Maybe I’m wrong about this.

A new product containing buprenorphine may soon be marketed for depression, and by that I mean just depression, not addiction and depression. Alkermes, the same company that had a disappointment with their depot buprenorphine product last year, started Phase 3 studies last summer on their new product, ALKS5461, after their Phase 1 and 2 studies had positive results.

This product under study contains buprenorphine and a new opioid blocker owned by Alkermes, called samidorphan. In theory, the samidorphan blocks the opioid receptors, leaving only kappa receptors open to buprenorphine. Buprenorphine then attaches to kappa receptors, where it acts as an antagonist. Kappa receptors are usually acted on by dynorphins, opioid peptides that stimulate kappa receptors and cause depression. Dynorphins may also be involved in the stress response, so if buprenorphine can block these kappa receptors, theoretically mood would improve.

The phase 1 and Phase 2 trials of ALKS 5461 showed rapid improvement in the mood of patients already taking antidepressants. These were small studies but of relatively high quality, with double-blinding and placebo control, so Phase 3 studies were started quickly. We won’t know results of the phase 3 study for some time, since the study won’t be over until summer of 2016, so I wouldn’t expect data until 2017.

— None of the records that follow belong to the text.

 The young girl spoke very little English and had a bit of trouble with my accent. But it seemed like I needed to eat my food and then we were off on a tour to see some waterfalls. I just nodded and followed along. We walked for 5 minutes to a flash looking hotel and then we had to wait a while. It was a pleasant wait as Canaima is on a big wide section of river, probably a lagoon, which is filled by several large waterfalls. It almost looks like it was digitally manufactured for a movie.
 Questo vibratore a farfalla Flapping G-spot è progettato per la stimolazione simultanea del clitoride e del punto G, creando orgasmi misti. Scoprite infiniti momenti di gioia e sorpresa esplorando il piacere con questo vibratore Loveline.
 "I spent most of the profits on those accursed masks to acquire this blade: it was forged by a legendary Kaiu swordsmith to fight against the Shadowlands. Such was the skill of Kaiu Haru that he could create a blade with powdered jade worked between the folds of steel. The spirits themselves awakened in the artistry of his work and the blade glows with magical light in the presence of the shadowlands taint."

This new medication is being studied as an adjuvant to the treatment of depression, which means it’s not meant to be used alone, but with established medications in the SSRI (selective serotonin reuptake inhibitors like paroxetine, sertraline, etc.) and SNRI (selective norepinephrine-serotonin reuptake inhibitors like venlafaxine, etc.) groups. Alkermes hopes to get it approved for treatment-resistant depression.

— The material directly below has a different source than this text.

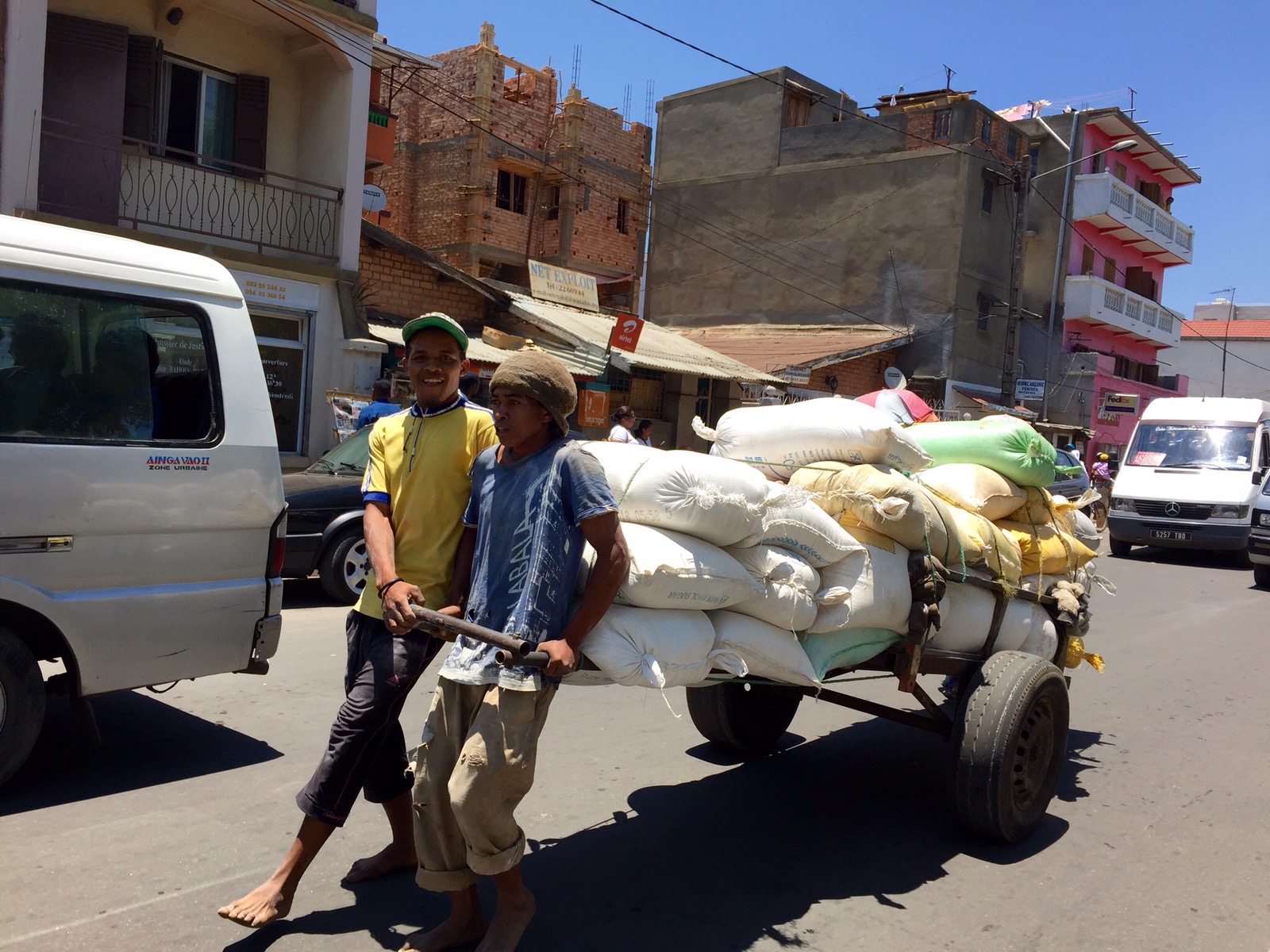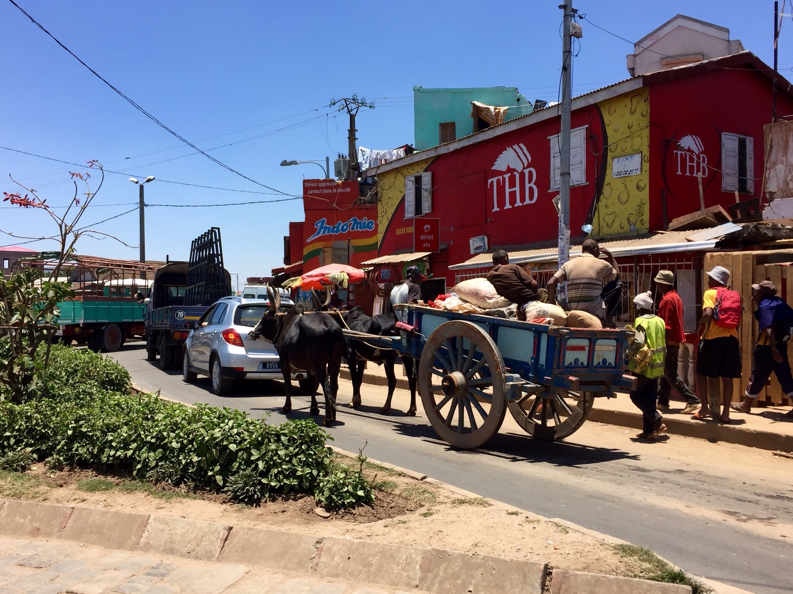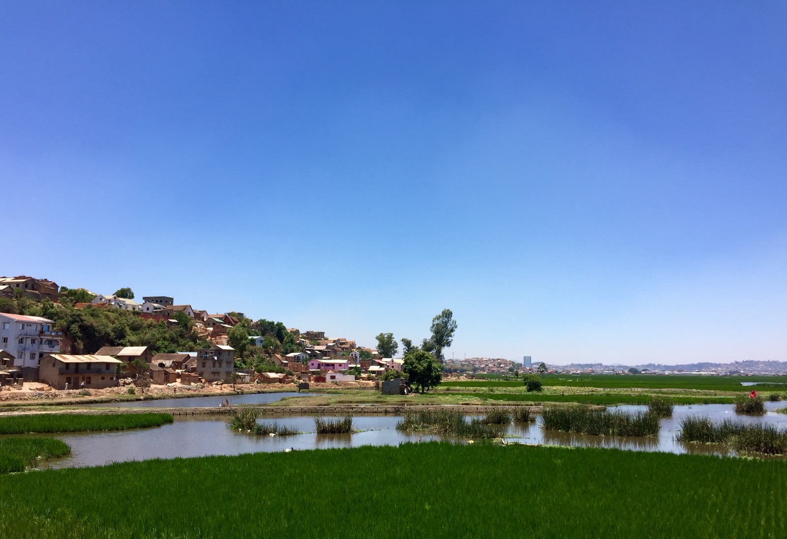 Some notes about the city: – it’s very spread out – traffic looked horrendous heading back to the airport. It was not moving for several miles. – despite being a city, it is mostly very rural looking – dusty – men pulling carts walk casually down the narrow road, as buses and cars swerve around them – children pushing other children on wooden trolleys move casually down the narrow road, as buses and cars swerve around them – there are rice paddies in the city – the rice paddies are surrounded by waterways – women wash clothes in these waterways and leave them on the banks (right by the road) to dry – there is a shop for everything – rice, vegetables, fruit, meat, phones, random plastic stuff… – people don’t look African. Some do. But most look a variety of Asian. – everywhere looks like Asia – shoes are optional – no 3G.

Alkermes is also studying ALKS 5461 as a possible treatment for cocaine addiction, though no data are available on that yet.

Theoretically, this preparation wouldn’t cause opioid addiction because the buprenorphine will be blocked from attaching to the opioid receptor. That makes sense to me, but I also know people are very different. My biggest concern when reading about this new preparation is that real life isn’t as precise as we would like for it to be.

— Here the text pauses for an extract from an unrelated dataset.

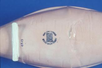 Descriptiona pink figure representing a canoe; hollow interior; gilded on top edge and around opening; exterior marked to resemble birchbarkStatus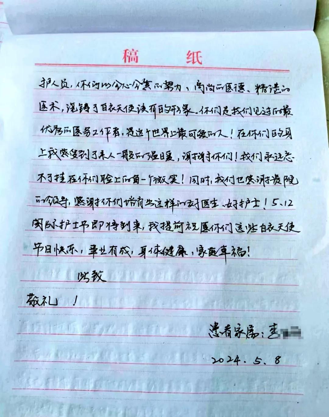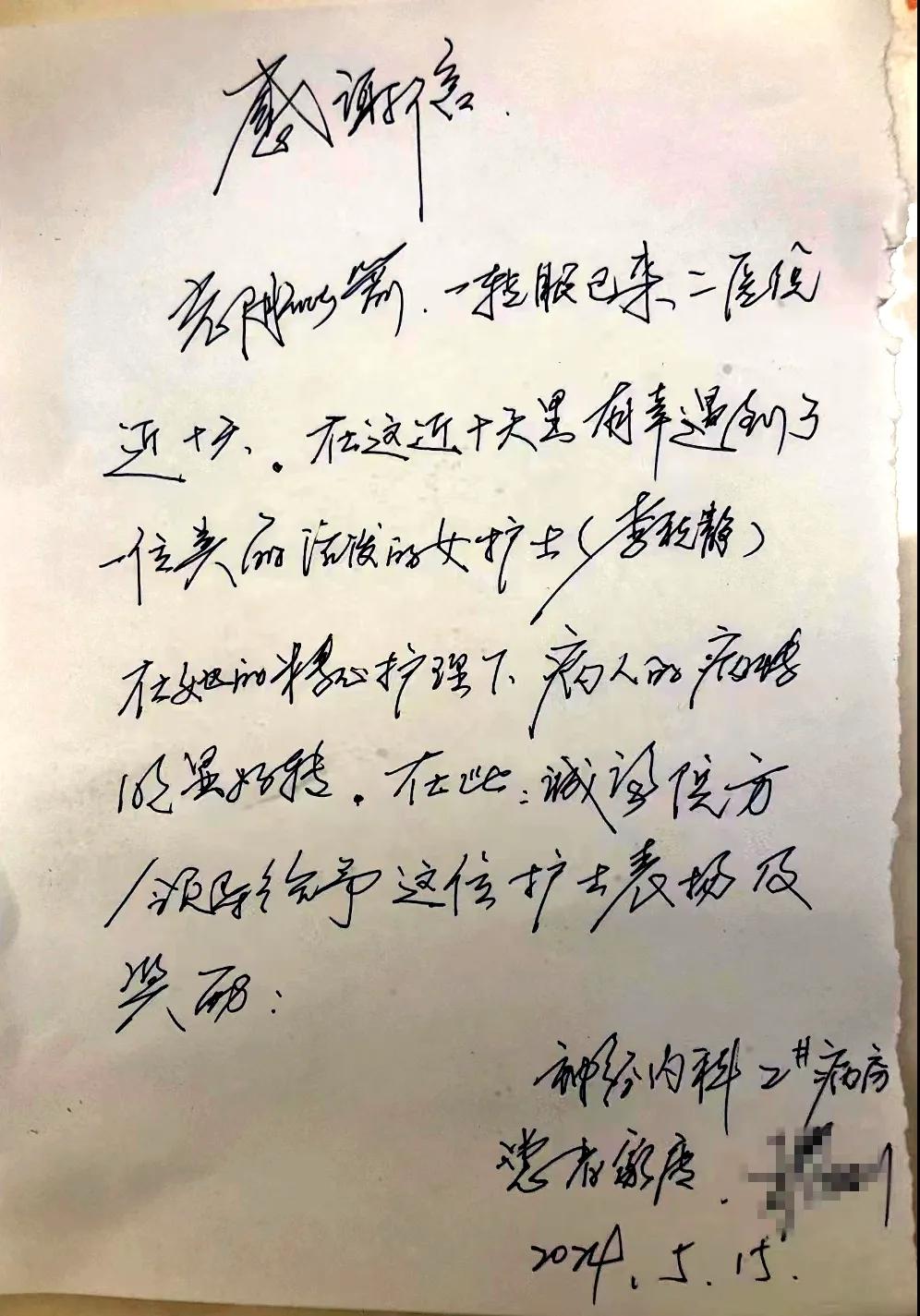 患者張女士長(zhǎng)期受困于癱瘓狀態(tài),無法正常行走與進(jìn)食,且伴有四肢肌張力異常增高的癥狀。在呂杰民主任與曹軍軍醫(yī)生共同制定的精確治療方案下,以及護(hù)理團(tuán)隊(duì)持續(xù)、細(xì)致地照料,患者病情得到顯著改善。為感謝護(hù)士李秋靜在住院期間對(duì)患者提供的無微不至的關(guān)懷,5月15日,在即將出院之際,患者家屬將一封感謝信送到科室,以表達(dá)由衷的感激之情。

My big questions are: What if some of the patients get an opioid effect from the buprenorphine in the ALKES 5461 product? Do we know for sure that the blocker, samidorphan, will bind to every human mu opioid receptor? Are there genetic differences that will influence response and addiction potential? We already know that people who have major depressive disorder are at increased risk for addiction, and it would be bad if these people developed an opioid addiction while being treated for depression.

On the other hand, depression can be a devastating illness. This new medication will be intended for people who don’t get responses to currently available antidepressants. These patients probably feel desperate for any improvement in their mood, and are willing to accept the risk of unintended complications.

If the Phase 3 studies show good results and this medication gets approved to manufacture and market, it would be a novel way to treat depression. I’m fascinated to see what will happen.